Investing.com - The yen held weaker in early Asia on Thursday after the Federal Reserve kept its powder dry on the timing of a rate hike.
USD/JPY changed hands at 123.48, up 0.04%, while AUD/USD changed hands at 0.7736, down 0.18%. EUR/USD traded at 1.1343, up 0.04%.
The latest Federal Reserve policy meeting ended Wednesday with language that more "decisive evidence" is needed before it starts raising interest rates.
Chairwoman Janet Yellen's remarks to reporters after the rate-setting Federal Open Market Committee left the federal funds rate near zero reaffirmed its two conditions for starting to "normalize" rates.
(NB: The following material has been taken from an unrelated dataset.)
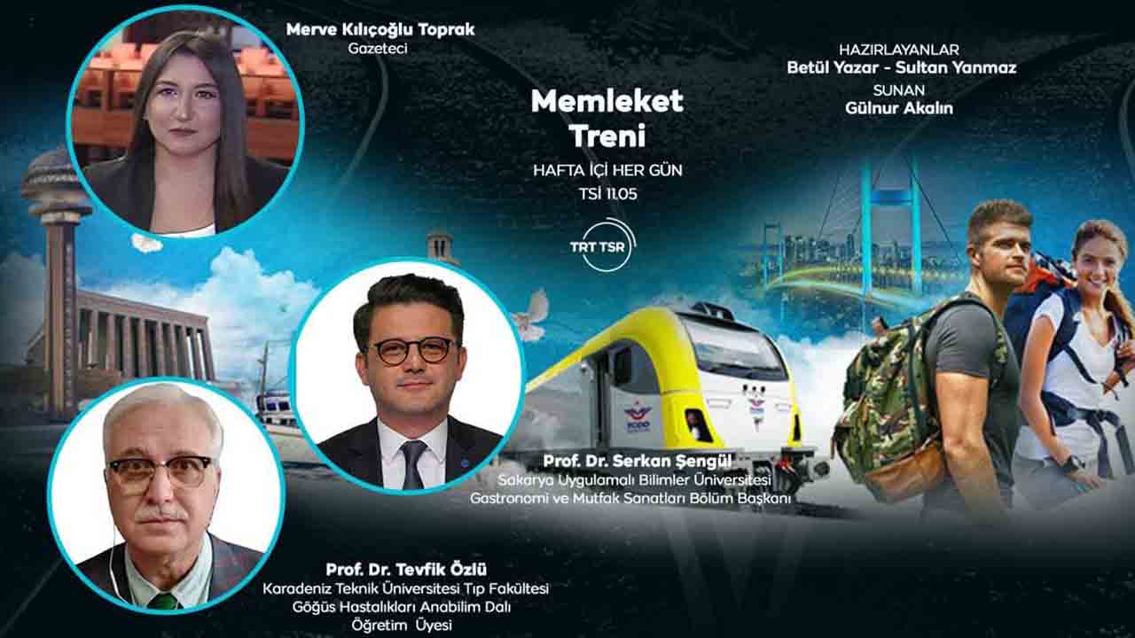 Sakarya Uygulamalı Bilimler Üniversitesi (SUBÜ), Turizm Fakültesi Gastronomi ve Mutfak Sanatları Bölüm Başkanı Prof. Dr. Serkan Şengül, Türkiye Radyo Televizyon Kurumu (TRT), Türkiye’nin Sesi Radyosu’nda (TSR) yayınlanan ‘Memleket Treni’ programının canlı yayın konuğu oldu. Sunucu Gülnur Akalın’ın sorularını cevaplayan Şengül, Avrupa Birliği’nin (AB) Türk dönerini geleneksel ürün adı olarak tescile hazırlanmasına ilişkin değerlendirmelerde bulundu.

"Further improvement in the labor market" and becoming "reasonably confident" inflation will rise to the 2% target "over the medium term."
Yellen's other message, reinforced by downwardly revised funds rate projections, is that the path of rate hikes after liftoff will be "gradual."
In New Zealand first quarter GDP rose 0.2%, well below the 0.6% quarter-on-quarter gain seen, with the year-on-year pace now 2.6%, below the 3.0% expected.
NZD/USD dropped a sharp 1.05% to 0.6913 after the data, which stoked expectations of another rate cut in the coming quarter.
In China, May actual FDI data are due at 1000 local time (0200 GMT).
The U.S. dollar index, which measures the greenback’s strength against a trade-weighted basket of six major currencies, eased 0.01% at 94.48.
Overnight, the dollar turned moderately higher against a basket of other major currencies in choppy trade on Wednesday.
Earlier Wednesday, data showed that euro zone consumer price inflation increased by 0.3% last month, in line with expectations and unchanged from a preliminary estimate. Euro zone inflation was flat in April.
Core CPI, which excludes food, energy, alcohol, and tobacco costs rose by 0.9% in May, unchanged from an initial estimate and up from 0.9% in April.
But the euro's gains were held in check as concerns over the approaching deadline for Greece’s repayments to the International Monetary Fund persisted.
Europe wants Greece to make spending cuts worth €2 billion in order to secure a deal that will unlock additional funds before its bailout expires at the end of June and it must repay €1.6 billion to the IMF.
A default by Greece could lead to the country’s exit from the euro area.